84% of transformations fail. That means that only 16% are successful. Earlier this year, we had a great webinar with an expert panellist revealing the secrets of the 16% and how to get change right. Questions from the audience kept coming in and it was impossible to answer all of them during the event. This is pt. 2 of some of the questions and answers we didn’t have time to discuss. Pt. 1 can be found here.
Enjoy!
Q1. What do you think about the GC index?
I’m a fan of any tool, enabler or conversation that helps us to recognise and appreciate both our own and others talents.
With that said, I’m not a fan of any tool that puts us in boxes or sows seeds of limiting beliefs ie ‘you’re an introvert so you should avoid etc…….’ or ‘ you are a green therefore can’t easily be considered or structured’.
I think most of us operate in dynamic settings, we have more than one ‘us‘ to offer.
Getting under the skin of what we all uniquely contribute with and leveraging difference is what diversity is built on for me.
Looking at the GC index in detail, I see there are five proclivities each having two polarities:
- The game-changer VS
- The strategist – these two appear to be positioned as idea-focused dimensions.
- The implementer VS
- The polisher – these two appear to be described as task-focused dimensions.
- The playmaker – this is placed centrally and appears to be an influencing role.
From what I see, the GC index is that Myers Briggs moving away from a broad personality type to work type preference (seems to conflate conative and cognitive preference) to paint a picture of where you might contribute to growth or performance.
I like that it can show preference in a range of areas, and I like that it’s more focused on performance than personality only.
Q2. Are there examples where a cultural shift in diversity and inclusion has been successful?
Sadly DEI (Diversity, Equality, Inclusion) has suffered from being treated as a stand-alone topic, doubly sad as it’s mostly unintended.
Folks have circled DEI efforts to try and shine a light and make improvements to a sensitive area but the difficulty is that it often turns out to be project-based and discretionary funded activities instead of integrated, deep-rooted change which is what it’s actually about.
Culture is what we do AND how we work – from the way we hire to the language we use to the job titles. DEI has to deconstruct and infiltrate the whole system in the workplace.
Faffing about with a ‘ maternity outreach team ‘ or ‘ young black professionals group ‘ while the system holds up deep-rooted inequality or lack of inclusion is common. We can be drawn to symbolic acts, rather than the less obvious but more meaningful changes. These can be small yet powerful, such as changing or levelling a job title.
DEI is not an initiative or project – it’s your culture, and culture can be shifted by degrees.
I remember the reaction when asking teams based across a range of European countries to, for the first time, record their end of the quarter celebratory video in their native language (rather than English as had always suited HQ). The progressive CEO not only welcomed this, but also stumped up the extra cash for the stressed comms team to subtitle in English.
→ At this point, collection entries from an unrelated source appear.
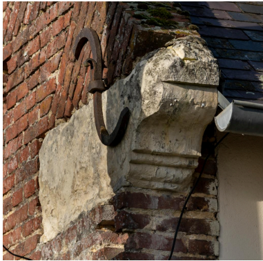
Détail du corbeau taillé en pierre, n°63 rue Principale.
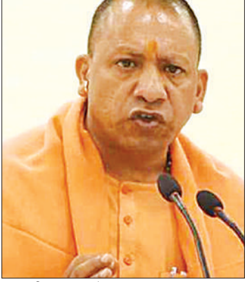
यह बड़ी उपलब्धि है।

सरकार ने तैयार की नयी कार्य संस्कृति, यूपी को बनाया दंगामुक्त अक्षय तृतीया और ईद पर करायी जाए साफ-सफाई रखे अतिरिक्त सतर्कता
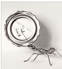
Juega con los objetos y sus significados como con esta hormiga. Lee también mucho y trabaja con poetas.

cado que está latente en el objeto y que la fotografía trata de traer a un primer plano como un elemento más de trabajo. No se puede evitar su presencia si lo que uno pretende es aprovechar la resonancia interior que provoca. Y por otro lado, la metáfora vendría a reforzar esta idea al facilitar que algo que no está presente en la imagen forme parte de ella".
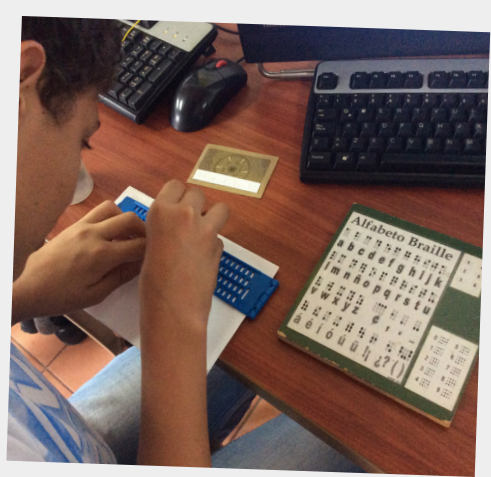
Creando soluciones para los que tienen discapacidad "CSPD" Biblioteca Pública Barrial Fernando Gómez Martínez Medellín (Antioquia)
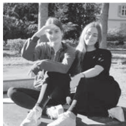
Ein Zeitungsbericht von Elma Miftari und Erza Heta.

Viele andere Lehrpersonen und Schüler fanden es ebenfalls eine grossartige Idee von uns und würden gerne auch mehr zur Biodiversität beitragen.
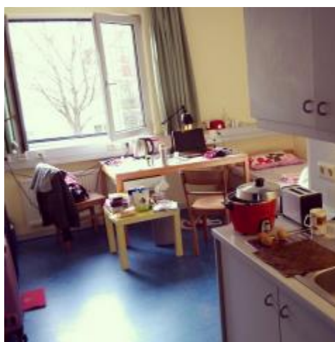
* 我的房間照，設備完整、空間寬敞
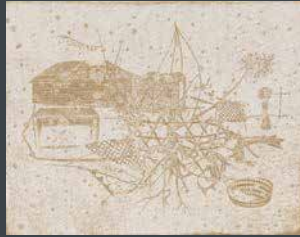
佳作 矢部 史朗 《tribosite 砂の上の足跡》
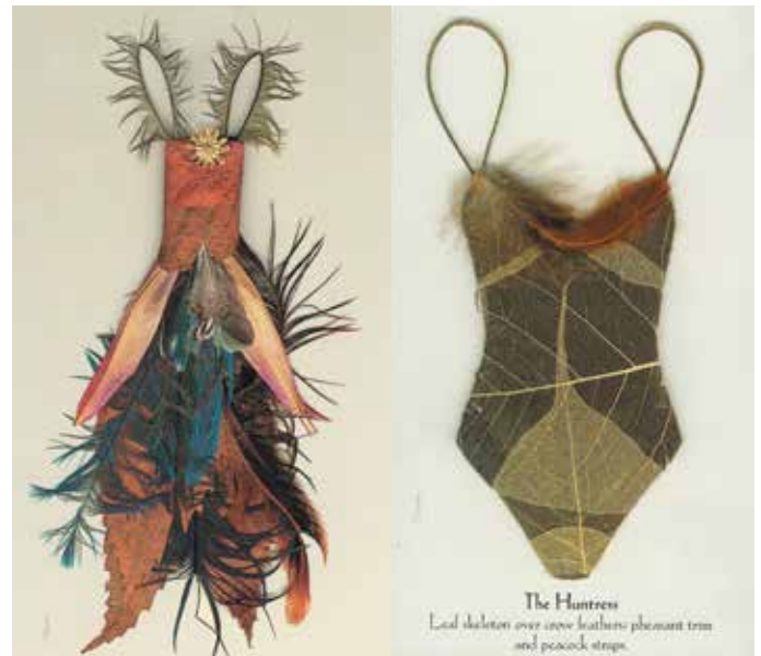
Uit de garderobe van "Fairie-ality", House of Ellwand
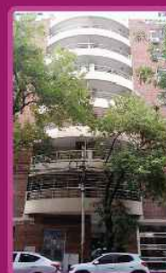
BARTOLOME MITRE 4084 /2009

That was a cultural shift.
But we have to start somewhere – act different to think different is one tactic.
I like the Center for Creative Leaderships REAL acronym:
- Reveal relevant opportunities – this is the discovery step
- Elevate equity – recognise and accept the problem/gap
- Activate diversity – recognise and welcome difference (hidden as well as the more obvious ones markers)
- Lead inclusively – actively build systems for participation
Recommended readings to get started:
Inclusion Nudges by Tinna C Nielsen and Lisa Kepinski.